I have to transfer a large amount of data next weekend, which is my best option?

Answer 7

Several VPN tunnels as it takes time to set up a direct connect so DC is not suitable.

Question 8

What is a VIF and what type of VIF do we have?

Answer 8

We have public and private VIFS, public VIFS enable you to talk with the service in the AWS layer like SQS. Private VIFS enable you to talk with your VPC.

Question 9

My org as a public service endpoint near us-east-1 and a public VIF in the us-east-1 region, I want to access SQS and S3 in as-south-1, what do I need to do to access these services through my existing direct connect?

Answer 9

Nothing, you will be able to use your existing direct connect and public VIF, traffic will flow to AWS and then over the private AWS network.

Question 10

One or my regulatory policies require that all data in transit is encrypted, I am using direct connect and a public VIF to access data in s3, am I meeting the regulation requirement?

Answer 10

Yes as the traffic is to s3 is encrypted at the sockets level using TLS, but if the traffic was to a private VIF, them no as the traffic is not encrypted.

Question 11

One or my regulatory policies require that all data in transit is encrypted, I am using direct connect and a private VIF to access data in my VPC, am I meeting the regulation requirement?

Answer 11

No, dat over direct connect is not encrypted, you would need to ensure that the service you connect to in your VPC is encrypting the dat in transit, if not then you have to find a way to encrypt it.

Question 12

Can I use a Public VIF to access the internet form on-prem?

Answer 12

No, they only allow access to the public-facing services on the AWS network.

Question 13

I am creating a private VIF in us-east-1 and want to connect it to a VPC us-west1, what options do I have?

Answer 13

You can not connect a private VIF in one region to a VPC in another region.

Question 14

I have a requirement that all traffic that is in transit is encrypted, should I be concerned for DirectConnect and how can I fix it if needed?

Answer 14

Yes, DirectConetc is not encrypted, but you can use the AWS VPN over DirectConnetc.
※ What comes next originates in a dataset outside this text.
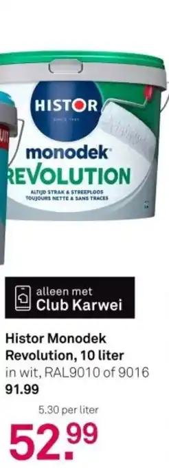 Karwei biedt naast de Histor Monodek Revolution een ruime collectie producten aan. Houd de wekelijkse Karwei folder in de gaten om de beste aanbiedingen en acties te vinden. Naast Histor Monodek Revolution, kunt u ook de volgende aanbiedingen vinden: Histor Monodek Revolution, Histor monodek revolution & Histor Monodek Revolution muurverf wit 10 liter.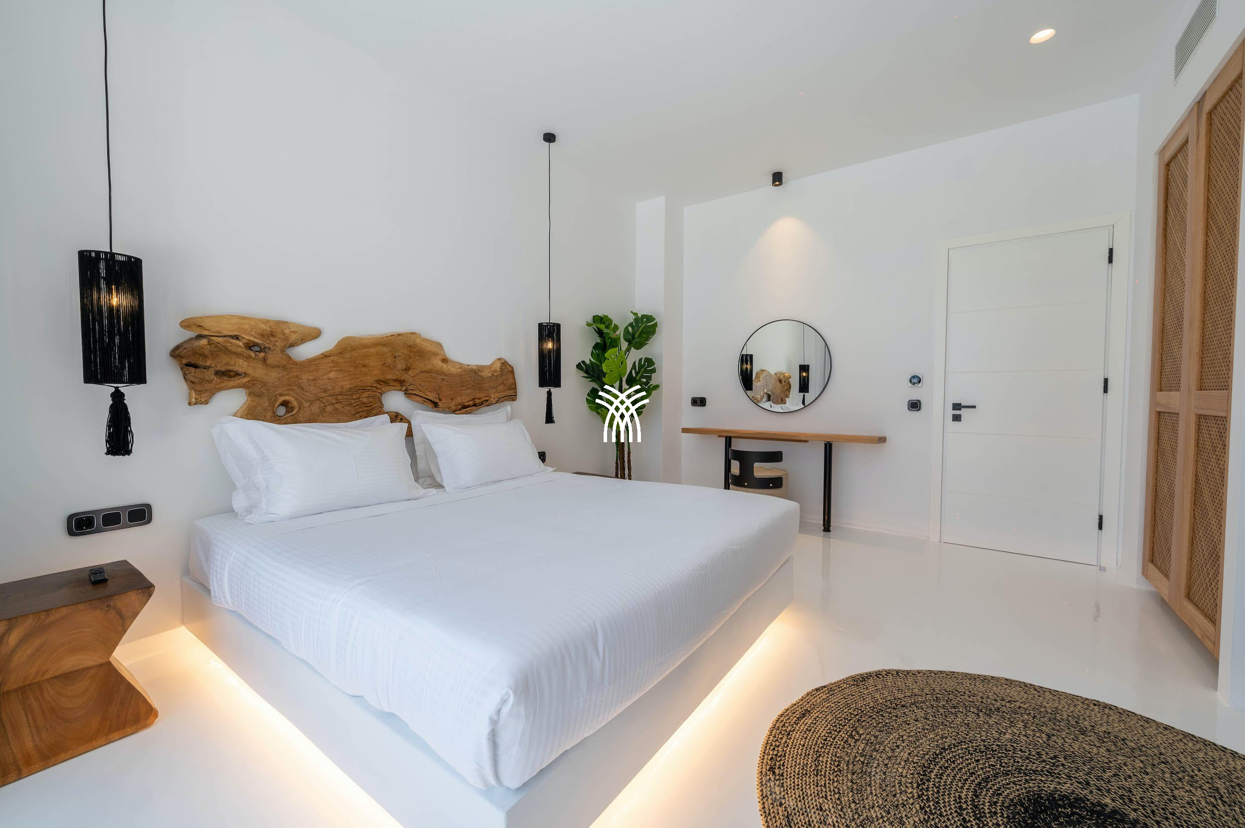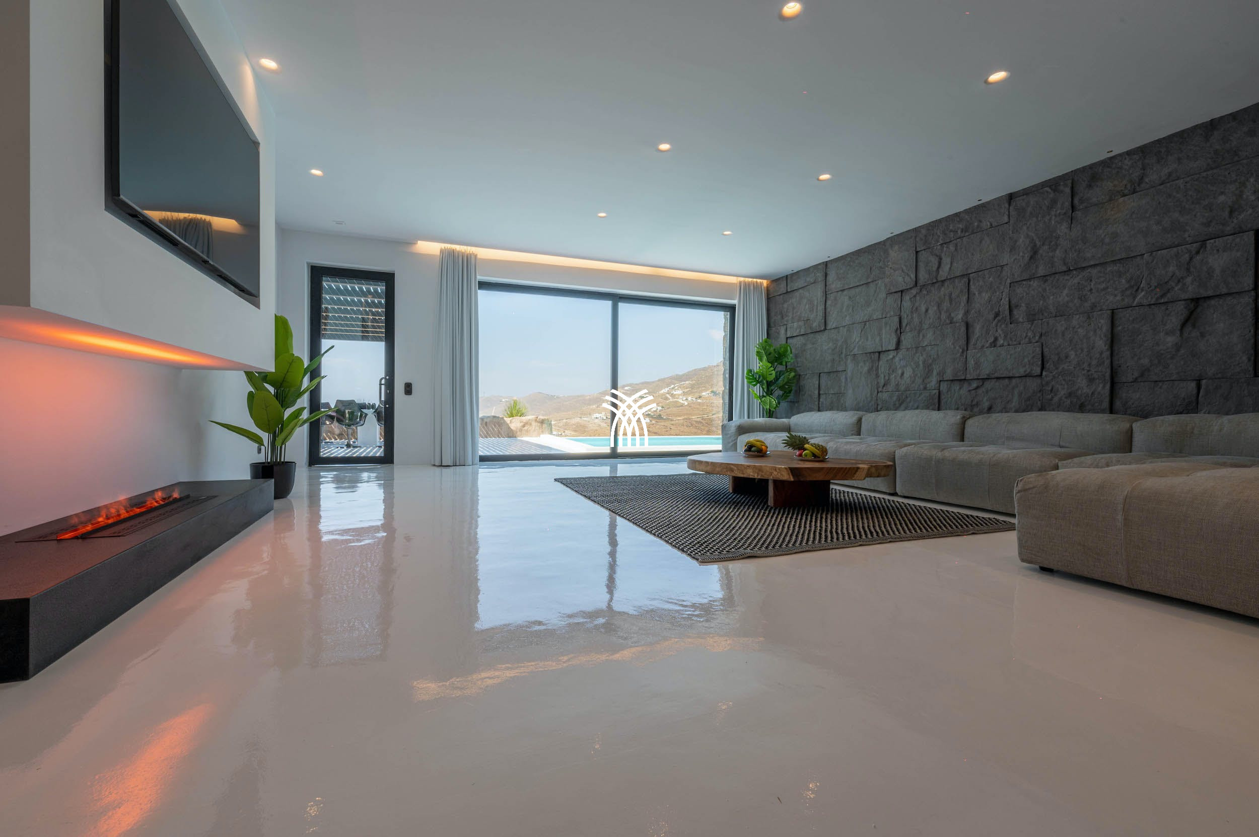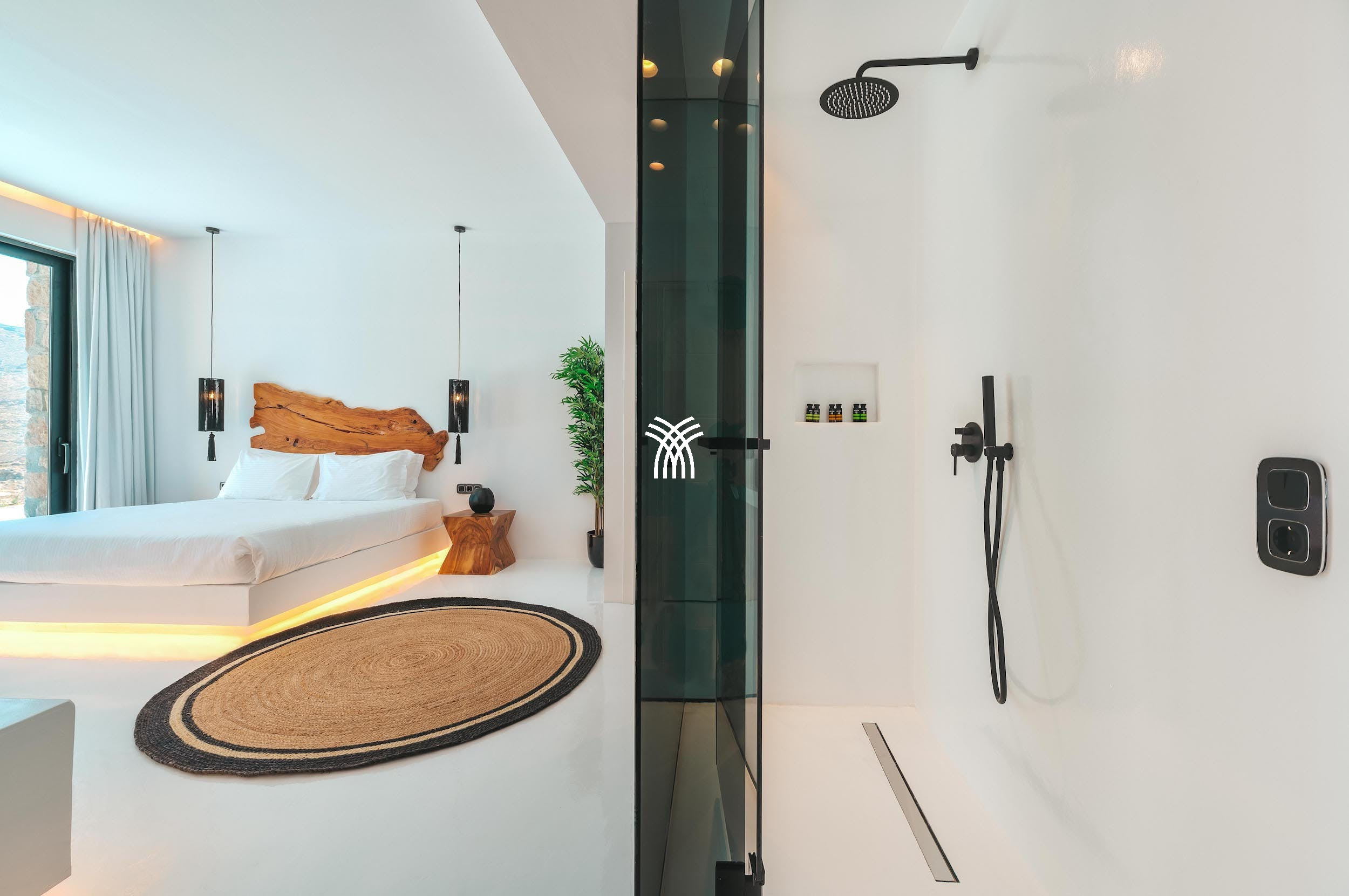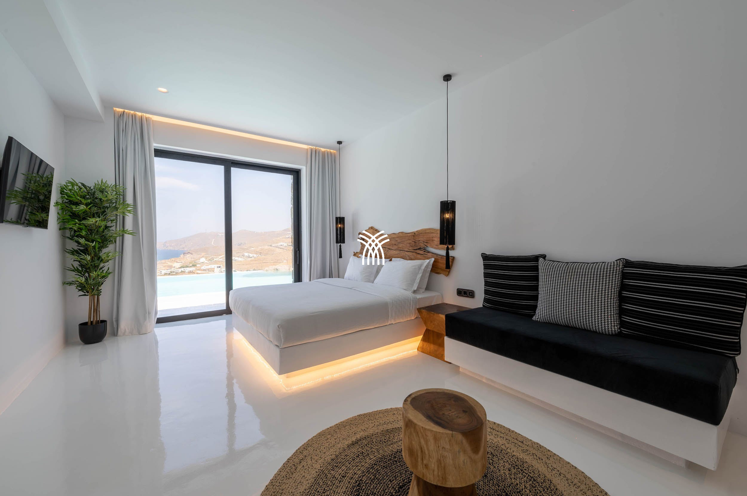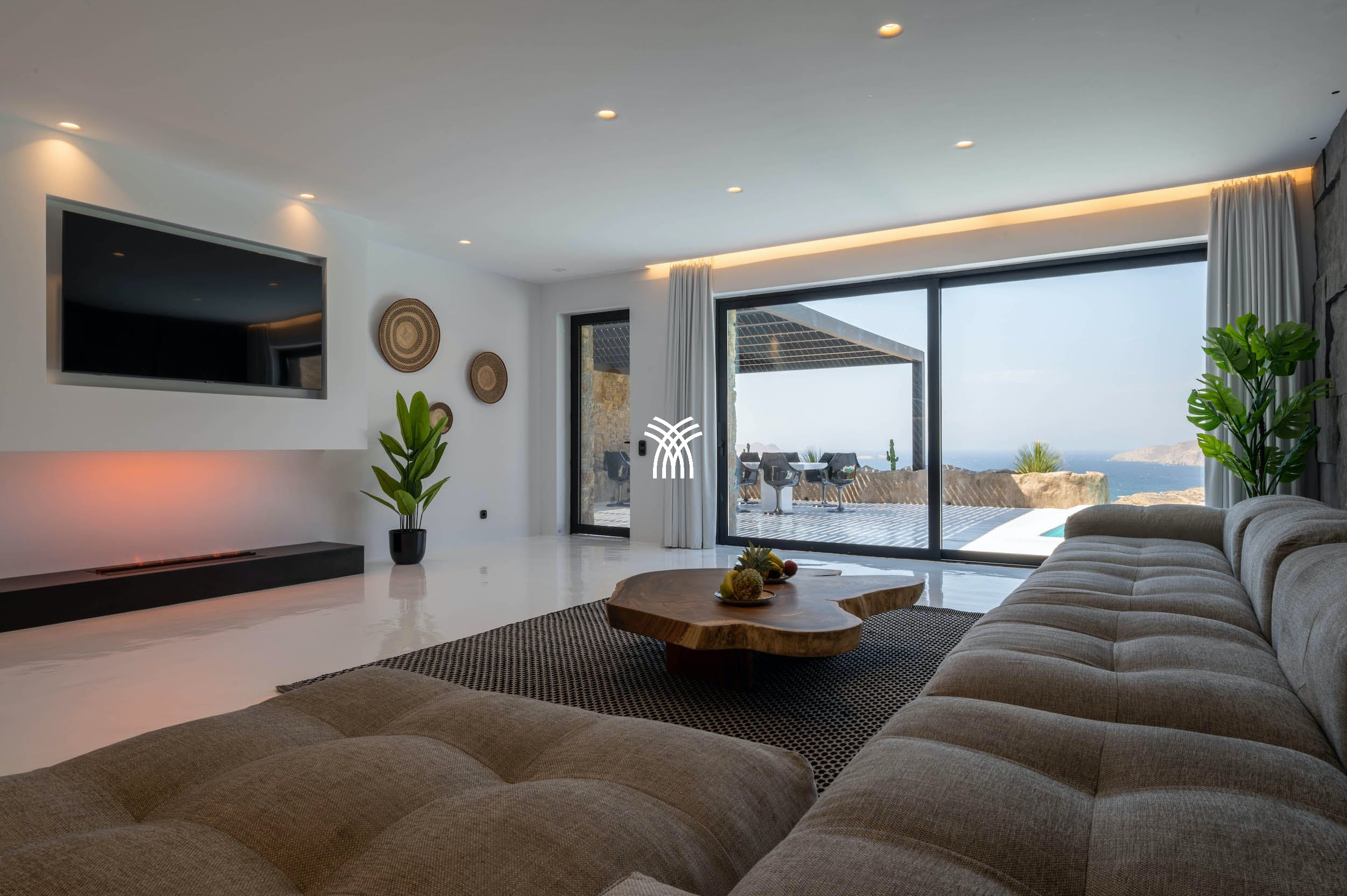 Outside, the villa boasts a private swimming pool, a barbecue area, and thoughtfully landscaped surroundings ideal for entertaining, relaxing, or enjoying the unforgettable Mykonian sunset. Whether you seek quiet moments or festive gatherings, this luxury villa rental in Greece promises a dream vacation filled with comfort, elegance, and unforgettable views.

This is done by creating a public VIF as this connects you with the AWS Public Zone (Network), the AWS VPN has its IP’s in this zone so you can then establish a VPN connection.

Question 15

I need to create an encrypted connection for all my traffic over DirectConnetc, how cna this be done using AWS service only?

Answer 15

You create a public VIF to access the AWS Public Zone where the public IP#s for the AWS VPN service exists, you then establish a VPN connection using AWS VPN service.

Question 16

What is a private VIF?

Answer 16

It enables you to access one VPC in a single region.

Question 17

How cna I connect to my VPC?

Answer 17

You can use a single private VIF.

Question 18

Are private VIFs one to one connection with the VPC?

Answer 18

Yes, you can only connect to a single VPC.

Question 19

What is the DirectConnect GW?

Answer 19

It is a global resource that enables you to connect a DirectConnect on-prem private VLAN to the DirectConnect GW, you can then connect the DirectConnect GW to any VPC in a region with a VPG.

Question 20

I have 5 VPC’s in the seperate region and I would like to connect all 5 VPC using my single DurectConetc, can I just create 5 VIF’s to the single DirectConect? If not possible what options do I have?

Answer 20

No, VIFs are a one to one relationship, they only connect a single on-prem VLAN with a VPC. A better option is to use the DirectConnect GW, this enables you to connect an on-prem V

Question 21

Is DirectConnect GW transitive?

Answer 21

No, you can not have traffic flow over the DirectConect GW to a VPC and then onto another VPC.

Question 22

How many VPCs can you connect to the DirectConnect GW?

Answer 22

10, you then have to create another DirectConenct GW.

Question 23

What is a good backup for direct connect?

Answer 23

An AWS VPN.

Question 24

What is VGW?

Answer 24

It is a virtual private gateway used as part fo direct connect, you can think of it as a logical distributed router sitting on the edge of your VPC. It cna terminate both IPSEC VPN and DirectConnect.

Question 25

I have VGW, what cna I terminate with it?

Answer 25

Both IPSEC VPN and DirectConentc.

Question 26

Is DirectConect redundant?

Answer 26

Yes, there is a multipal connection to the DirectConetc location and two routers providing the uplink to your routers.

Question 27

What advantages has direct connect over VPN?

Answer 27

DirectConenct transits over private infrastructure, latency is lowe and consistency is better, you also gte an SLA on service.

Question 28

What are the DirectConetc connection points called?

Answer 28

DX Locations

Question 29

In a DX Location, what do you need to establish a connection?

Answer 29

You need a router that will be cross-connected. The souter has to have
- SingleMode Fiber
-

Question 30

What do you need from AWS to establish a DirectConnect cross-connect?

Answer 30

You need the letter of authorisation. (LOA)

Question 31

I need to establish a DirectConnect that can be used to access S3 and DynamoDB form on-prem, how is this done?

Answer 31

We create a

Question 32

Can I use a private VIF to access resources in other regions?

Answer 32

Yes, 100%, you used to not be able and were tied to a single region but this is not the case any more.

Question 33

If you want to connect a VPN to on-prem over a DirectConnect, how can we set this up?

Answer 33

Create a VLAN to use on our DX Location router.
Create a PrivateVIF
Connect PrivateVIF to VPNGW

Question 34

When should I choose DirectConnect over VPN? Why?

Answer 34

When you need better throughput and latency. Because the VPN connection is over the internet and each packet sent is over multiple hops and because of ot contention and other factors packet consistency is not as good as DirectConenct.

Question 35

What speeds can you have for DirectConect?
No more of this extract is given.